◆ Material provided

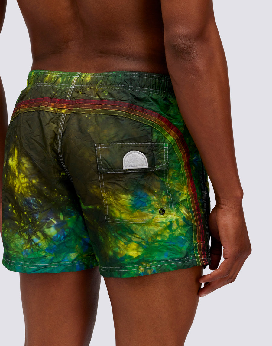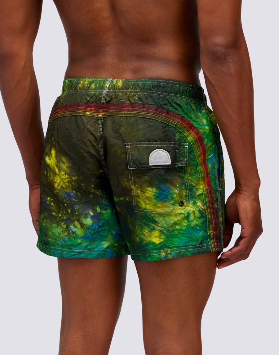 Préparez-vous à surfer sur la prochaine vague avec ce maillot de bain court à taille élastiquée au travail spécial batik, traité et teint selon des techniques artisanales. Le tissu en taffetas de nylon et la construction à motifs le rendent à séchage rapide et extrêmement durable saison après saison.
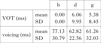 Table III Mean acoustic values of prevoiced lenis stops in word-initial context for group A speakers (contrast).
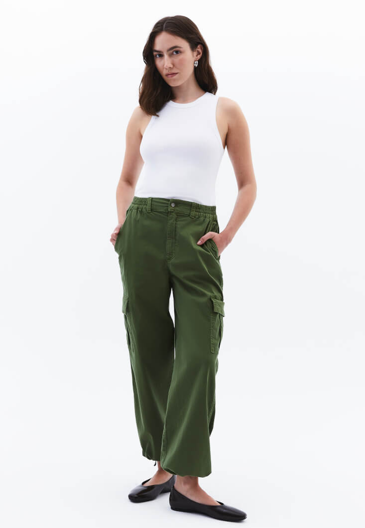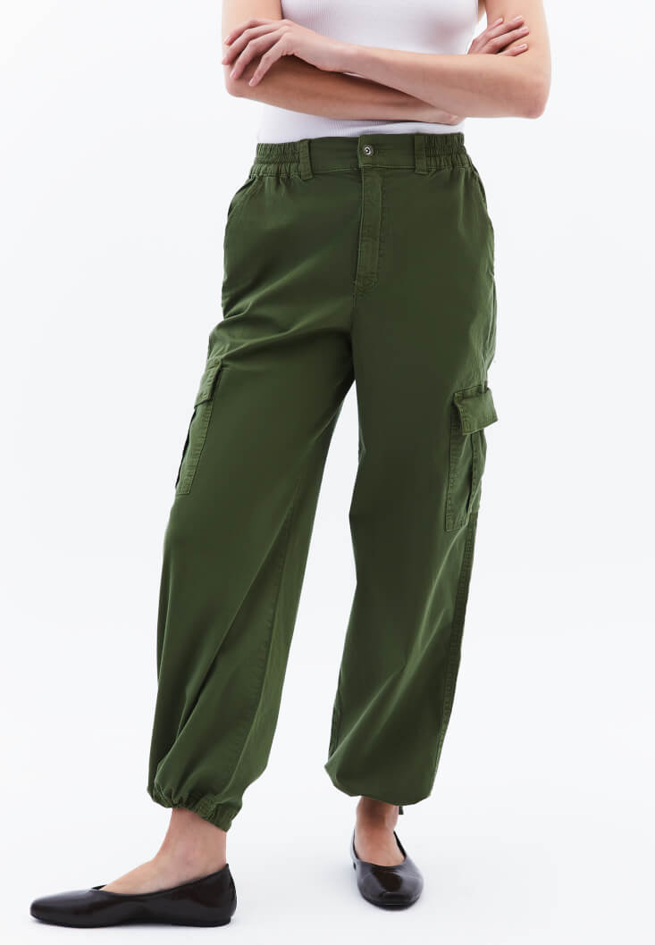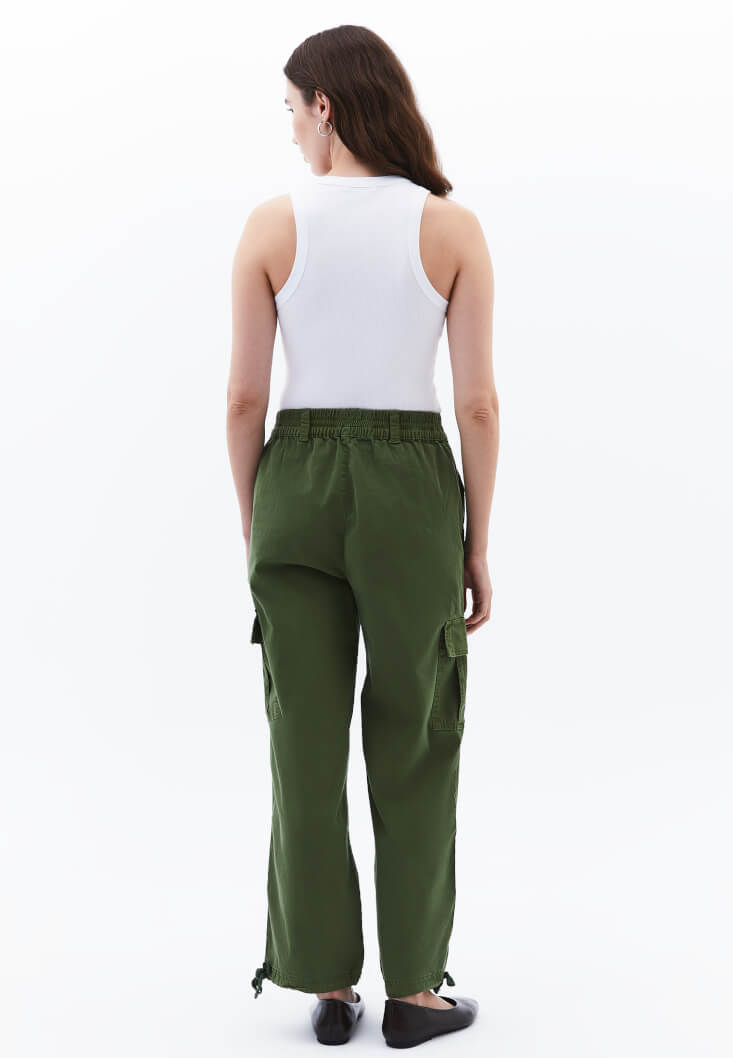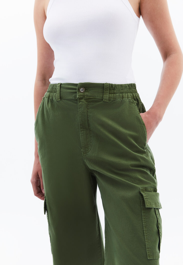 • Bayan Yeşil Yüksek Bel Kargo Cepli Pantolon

◆ Goal of the exercise
Leave out the pictures, then return every line of the data exactly.

◆ Task result
 Préparez-vous à surfer sur la prochaine vague avec ce maillot de bain court à taille élastiquée au travail spécial batik, traité et teint selon des techniques artisanales. Le tissu en taffetas de nylon et la construction à motifs le rendent à séchage rapide et extrêmement durable saison après saison.
 Table III Mean acoustic values of prevoiced lenis stops in word-initial context for group A speakers (contrast).
 • Bayan Yeşil Yüksek Bel Kargo Cepli Pantolon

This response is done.